We spend years and years planning and saving for retirement. Yet, when it’s time to start spending our nest egg, it’s not always clear how to move forward. That said, perhaps it’s best to break this complex item down into a few simple steps:

1) Have a retirement plan in place

2) Keep your portfolio invested
3) Rebalance the portfolio as needed (in conjunction with cash flow needs)

The third step obviously requires more detail and specifics in order to determine where to generate the cash flow from. Individual investor portfolios will vary greatly of course, but let’s assume a balanced portfolio of both fixed income products and equities. There are a few points to bear in mind, in addition to the income that would already be generated from the fixed income portion, and on top of any other employer and/or government pensions that wouldn’t provide enough retirement income.

Firstly, consider taxation and try to tap into funds outside of registered retirement plans, such as TFSA & non-registered and/or corporate accounts. Within non-registered and corporate accounts where dividends, income and capital gains are taxed differently, compare the tax consequence in advance of selling individual investments such as stocks, bonds, mutual funds or ETF’s.

Beyond that, when one withdraws funds from registered plans such as RIF’s and/or LIF’s (required from age 72 onward) overall income needs to be taken into account, it can potentially affect government benefits such as OAS (Old Age Security), as well as income splitting opportunities with a spouse.
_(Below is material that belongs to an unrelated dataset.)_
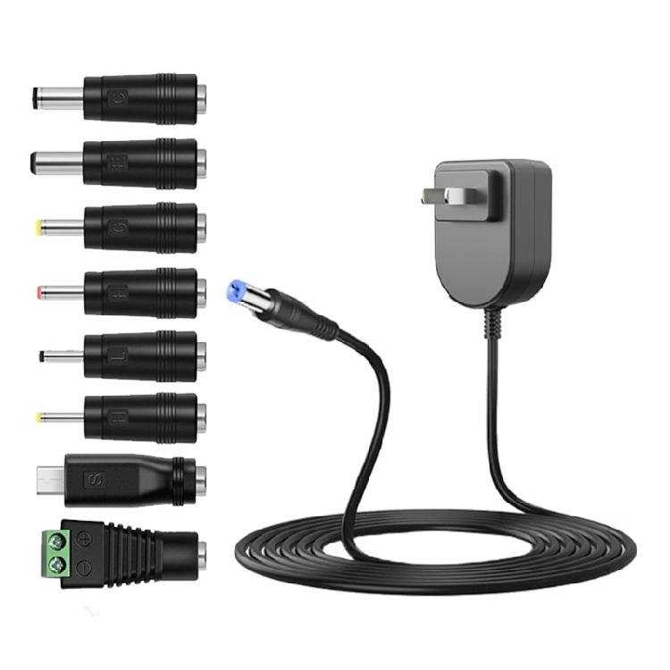 3-12V Justerbar Strømadapter 15W med Overbelastningsbeskyttelse 8 Utbyttbare Kontakter Lader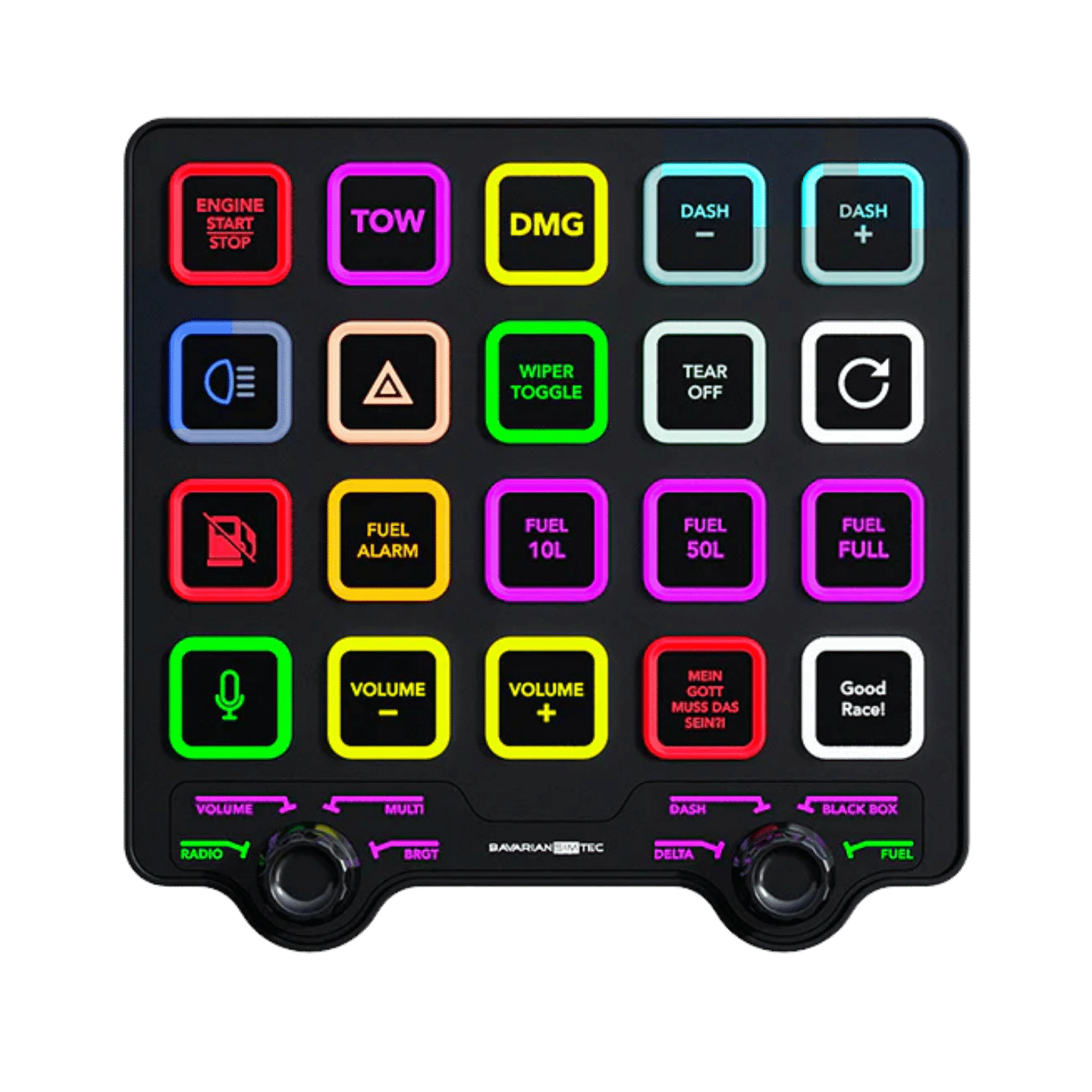 The BavarianSimTec ControlCenter is a premium sim racing button box designed to put total control directly at your fingertips. Precision-machined in Bavaria from solid CNC aluminum, it combines 20 RGB backlit buttons, dual rotary encoders, and an integrated USB-C hub into a compact command module built for professional-grade cockpits and serious sim racers.

The idea of maintaining your principal investment and withdrawing merely the amount of return it generates is another strategy to consider, but it may or may not be feasible given individual cash flow requirements and portfolio size.

In closing, many people seem to make the critical oversight in retirement income planning of limiting their strategy to merely withdrawing interest and dividends, and disregard other strategies such as capturing portfolio growth as a form of income. Each individual retirement planning situation is unique and therefore all angles should be considered, especially as needs and income requirements may vary from year to year.